Im Kleinen hat sich in Rostock indes doch etwas getan: Am Standort gibt es Bibeln in ukrainischer Sprache. Sollte es notwendig sein, organisieren Haaks und ihr Team mit vier haupt- und sieben ehrenamtlichen Mitarbeitenden zudem einen Seelsorger der ukrainisch-orthodoxen Kirche.
Ristau weiß gleichwohl, dass ukrainische Seeleute psychisch besonders belastet sind. Dies gilt vor allem dann, wenn es um die Verlängerung ihres Seemannsbuches geht. Dafür, so Ristau, müssten die Männer in die Ukraine reisen. Dabei schwinge immer die Angst mit, ob sie wieder aus dem Land herauskommen oder als Soldaten an die Front müssen. Auch die Sorge um Angehörige und Freunde lastet schwer auf den Fahrensleuten. Immerhin, so Ristau, hätten die Arbeitgeber, sprich die Reedereien, dafür gesorgt, dass die Familien die Ukraine verlassen können.
Besatzung sitzt vor Sassnitz fest
Aber nicht nur Ukrainer geraten durch den Krieg in ihrer Heimat in die Mühlen der Weltpolitik. So sitzen an Bord des unter der Flagge Panamas fahrenden Öltankers "Eventin" seit Monaten indische und philippinische Seeleute fest. Hintergrund: Das mit 100.000 Euro Rohöl beladene Schiff wird der russischen Schattenflotte zugerechnet und wurde vom Zoll festgesetzt.
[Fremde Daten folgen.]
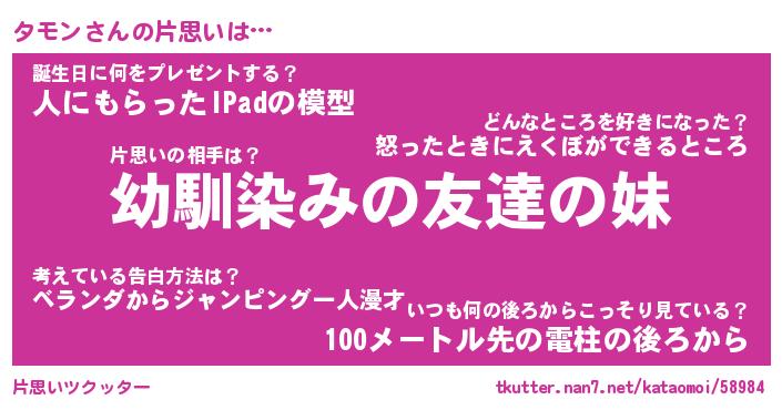 | 男性向けラノベタイトル風あだ名 | 『タモンの憂鬱』 |

Die "Eventin" liegt seit Monaten vor Sassnitz in der Ostsee, ohne dass die Besatzung Landgang bekommt – dies könnte länger dauern, denn inzwischen befassen sich die Gerichte mit der "Eventin".
Um wenigstens nach der Besatzung zu schauen, waren laut einem Bericht der Ostsee-Zeitung (OZ) im März engagierte Menschen an Bord - unter anderem von der Seemannsmission in Sassnitz. "Die Freude und Dankbarkeit der 22-köpfigen internationalen Besatzung nach zwei Monaten der Isolation war riesig", schreibt die OZ. Im Gepäck hatte das Dreierteam T-Shirts der Seemannsmission und SIM-Karten mit Guthaben, damit die Seeleute Kontakt zu ihren Familien aufnehmen konnten, und eine Schokotorte. Im Grunde genommen möchten die Männer nur eines: nach Hause. "An Bord der ‚Eventin‘ sind Menschen. Die Besatzung ist hier unfreiwillig zum Spielball geworden", zitiert die OZ den Sassnitzer Hafenkapitän Ronald Damp. Peter Leukroth, Leiter der Sassnitzer Seemannsmission, sagt demnach: "Gut, dass wir das gemacht haben."